Deep Dive: Optimizing Sharded Matrix Multiplication on TPU with Pallas

Summary

A detailed technical exploration of implementing distributed matrix multiplication across TPU devices using Pallas, Google's kernel programming language for JAX. The article examines a concrete example of a sharded MatMul operation across a 2x2 mesh of TPU v5e devices, breaking down the 16384×16384 by 16384×8192 matrix multiplication that requires 4.4 TFLOPs of computation. The author uses this compute-bound operation as a lens to understand TPU execution models and the intimate details of memory management, synchronization, and data hazards required for efficient kernel development.

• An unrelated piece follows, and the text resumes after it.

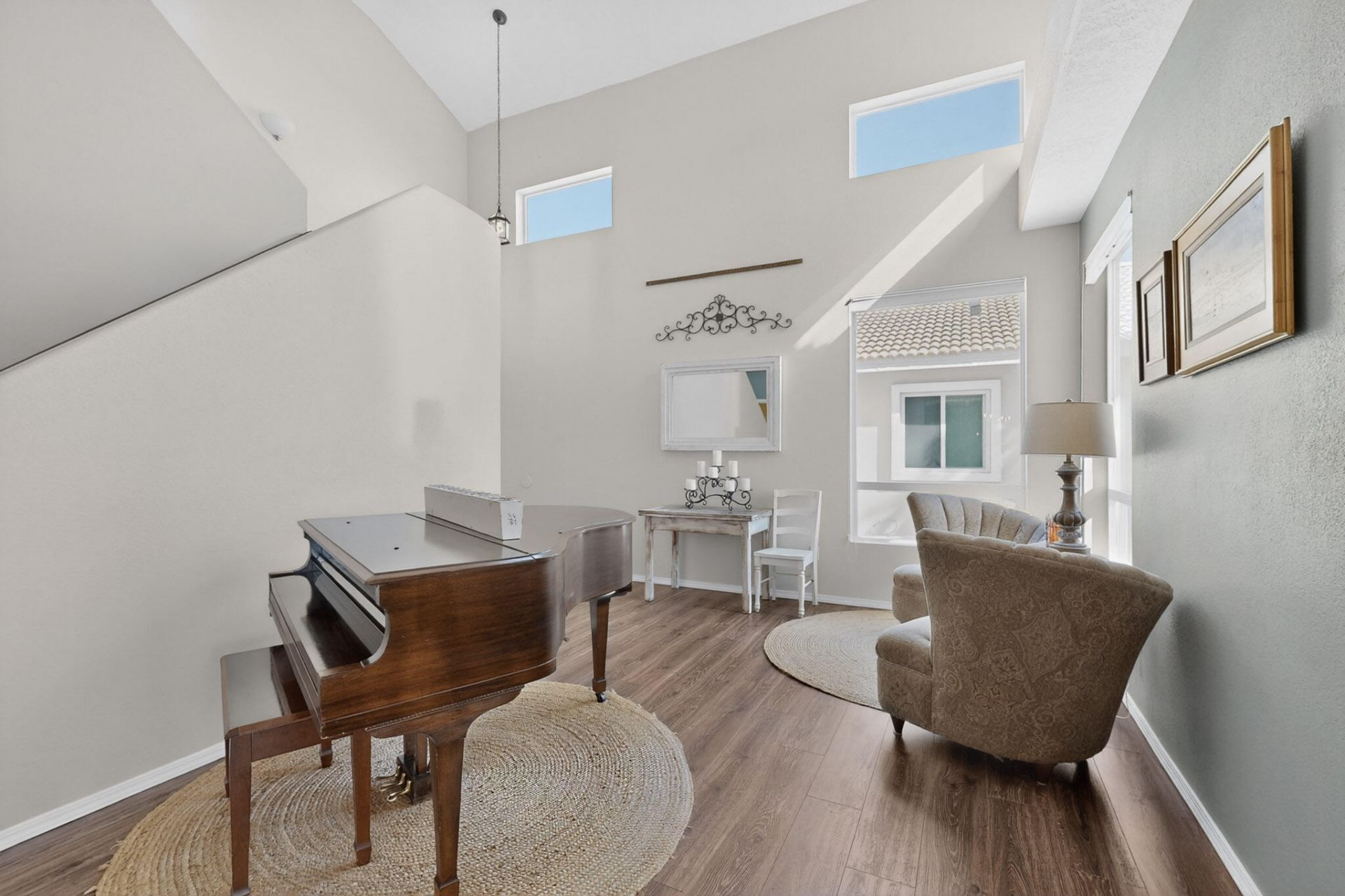 If you've been looking for that ''this feels different'' kind of home, this is it. Backing to the Bosque Open Space with Sandia Mountain views, this home offers a blend of updates, natural light, and flexible living. Built in 2000, it features 3 bedrooms plus a possible 4th or flex space. The kitchen was renovated in 2016 and opens to the main living area, where sunlight fills the space and a fireplace, updated in 2022, creates a warm focal point. Additional updates include double-hung front windows (2023) and a front door replacement (2022). Solar panels, installed in 2025 add efficiency and long-term value. With easy access to nearby trails and open space behind the home, this property offers a setting that truly stands out.

The technical breakdown reveals that developers using Pallas must maintain careful control over different memory spaces and execution semantics, with the reward being highly optimized kernels that approach theoretical hardware limits. The article provides hands-on insights into the Pallas API's minimal surface area, explaining how proper understanding of the execution model and distributed data layouts (using JAX's NamedSharding conventions) is essential for building efficient multi-device operations. This work complements existing implementations of more complex operations like attention mechanisms and grouped MatMuls in the JAX ecosystem.

• The Pallas API rewards hands-on experimentation and deep familiarity with hardware constraints, making it essential for developers optimizing large-scale ML workloads

Editorial Opinion

This technical deep-dive exemplifies how modern ML infrastructure requires developers to understand hardware-level details to achieve peak performance. While Pallas's minimal API surface requires significant cognitive load, the systematic exploration of sharded MatMul patterns provides valuable lessons applicable to a wide range of distributed ML operations. Such foundational work in kernel optimization will likely become increasingly important as model sizes grow and hardware specialization becomes more pronounced.